Bell Kills Cheap LD Plan
It took a year but Bell Canada finally came to its sense and decided to kill a 0.5 cent/minute long-distance plan that took the bottom out of the market in Eastern Canada. The cheap LD was seen as a way for Bell to encourage more customers into bundle because you had to have at least two other services to get it. While Bell may have added 319,000 LD clients, the downside was that the already-eroding LD market (revenue, rather than minutes) got even worse. Meanwhile, Bell saw yet another source revenue take a beating. Perhaps the silver lining for Bell was the cheap LD may have kept some people from jumping to VOIP service providers such as Vonage and Primus Canada, which were hoping to use inexpensive LD as a major marketing issue. So who wins from Bell's decision? Bell comes out ahead because it gets to walk away from a program that was strategically questionable despite claims by management the plan achieved its purpose. VOIP SPs will be happy because they can get back on the LD message again. Another happy soul is Rogers CEO Ted Rogers, who can now launch cable telephony next month as a premium product because he doesn't have to worry about Bell's LD voodoo.

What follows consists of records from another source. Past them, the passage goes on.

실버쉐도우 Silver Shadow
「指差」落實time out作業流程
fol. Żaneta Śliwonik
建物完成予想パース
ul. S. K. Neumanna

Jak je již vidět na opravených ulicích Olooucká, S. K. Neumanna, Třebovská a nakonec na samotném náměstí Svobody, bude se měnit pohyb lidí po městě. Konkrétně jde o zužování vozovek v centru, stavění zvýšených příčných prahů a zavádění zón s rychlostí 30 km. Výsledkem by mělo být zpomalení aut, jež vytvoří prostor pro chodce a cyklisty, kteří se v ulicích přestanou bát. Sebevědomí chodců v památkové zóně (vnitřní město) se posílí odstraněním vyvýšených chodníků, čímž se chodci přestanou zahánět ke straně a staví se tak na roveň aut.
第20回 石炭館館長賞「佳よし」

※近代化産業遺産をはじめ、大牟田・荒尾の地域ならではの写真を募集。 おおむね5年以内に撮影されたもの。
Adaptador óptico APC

Mea culpa: I was remiss in not pointing out that consumers on the $5 a month plan will be able to keep it. The offer is available until July 3.

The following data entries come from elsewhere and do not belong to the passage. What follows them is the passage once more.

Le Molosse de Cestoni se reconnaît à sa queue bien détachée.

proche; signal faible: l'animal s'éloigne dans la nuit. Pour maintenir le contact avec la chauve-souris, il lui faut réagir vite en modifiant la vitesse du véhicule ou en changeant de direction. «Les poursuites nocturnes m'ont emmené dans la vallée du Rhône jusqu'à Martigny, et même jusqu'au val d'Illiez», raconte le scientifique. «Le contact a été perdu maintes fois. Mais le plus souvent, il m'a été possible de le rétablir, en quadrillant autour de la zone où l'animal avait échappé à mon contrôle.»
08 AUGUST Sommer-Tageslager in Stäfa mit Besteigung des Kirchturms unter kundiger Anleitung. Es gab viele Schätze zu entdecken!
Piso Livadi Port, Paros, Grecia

June 22nd, 2005 at 10:16 am
But Rogers has the same plan with their bundles, so why pay more for VoIP. I get 1000 minutes US and Canada for $5.
June 22nd, 2005 at 10:19 am
Where did you see this? I cannot find this on Bell's site. Rogers also has the $5 1000 minute deal for bundled customers.

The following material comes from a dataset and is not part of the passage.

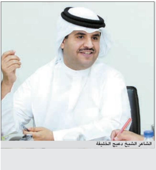
الشاعر الشيخ دعيج الخليفة

ووجهات نظرم بكل شفافية، مؤكداً أن فريق البرنامج لا يالو جهداً في سبيل هذه الغاية ومستمر في التواصل مع الجمهور من خلال صفحاتهم على «تويتر» وهي @Gaaylaa. من جانبه، قال المذيع مايك مبلتع: لا تزال نسير في طريقنا

June 23rd, 2005 at 11:40 am
One would think that as a mainline technology reporter, you would be able to cover both sides of a story. The fact is, all customers currently subscribed to the $5 plan will be grandfathered; the deal will not be revoked. New customers will be offered a new, different plan.
June 23rd, 2005 at 3:34 pm
The fact is, all customers currently subscribed to the $5 plan will be grandfathered; the deal will not be revoked.